Quote:
Originally Posted by Paul C. Anagnostopoulos And indeed, if Mary and I were having a philsophical discussion about love and whether it is logically possible, we would have a tough job ahead of us. Fortunately, we just fell in love and didn't have to analyze it.
So if you just want to fall into free will and accept it on faith, then you certainly don't need to define it.
~~ Paul |
The main point I was trying to make, was that any definition is just in terms of more words, which in turn need defining ..... infinite regress!
Since the only terms that are acceptable to you as base terms (not requiring definition) are intrinsically materialist, any expression like 'free will' always appears to need defining, and defining, and defining, until it has morphed into a subtly different concept that fits with your world view.

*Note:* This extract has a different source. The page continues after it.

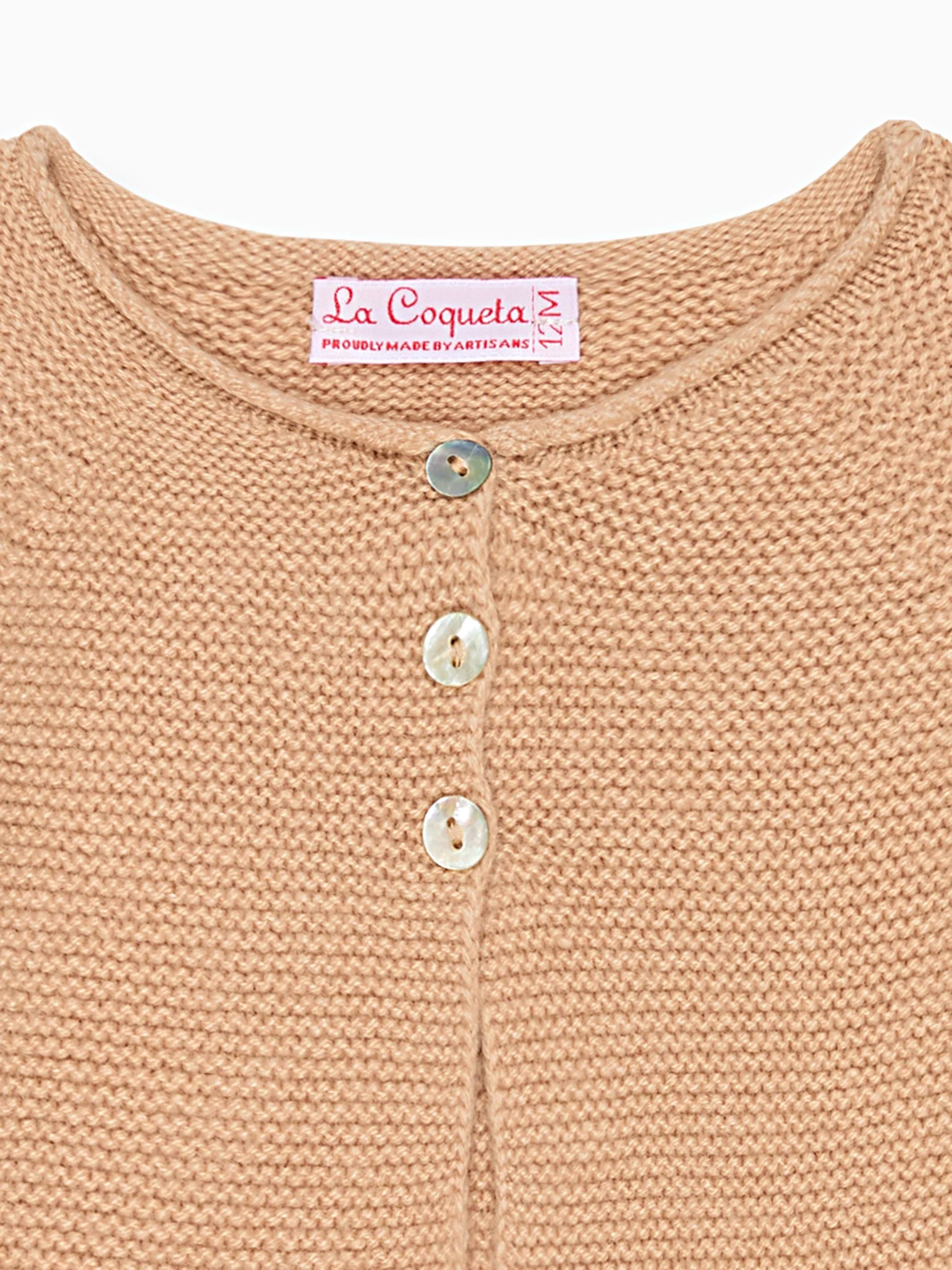 Wrap your little one in warmth and luxury with La Coqueta's range of cashmere pieces, designed with love to keep winter chills at bay. The Leandra Cashmere Baby Cardigan is crafted from supersoft 100% cashmere, gently protecting delicate skin and making those early moments with your baby even more special. Rendered in a classic shade of camel, it is perfect for both baby girls and boys. With long sleeves and a relaxed silhouette, it offers all-day comfort, featuring a mother of pearl button placket and dropped shoulders to ensure your little one stays cosy and stylish throughout the season. A timeless cashmere cardigan is the perfect gift for new arrivals, adding a touch of elegance to their first months.

Think again of the guy defining 'fire' as the rapid release of an object's spirit. It may have seemed like a good definition, but what good was it?
My aim is not to suppress the disagreement, but to try to prevent it being buried in disagreement about definitions. The question should be whether type A free will (i.e. the thing 99% of people mean by the term) is:
a) An illusion.
b) A reality.
c) Something else.
Instead, we get diverted into the question of its definition! If you really want a definition of Type A free will, it must conform with the 99%, whereas your Type M free will can obviously conform with your ideas! It is clumsy, but it might work. Your disagreement with Ian, is not really about definitions, it is about the nature of reality.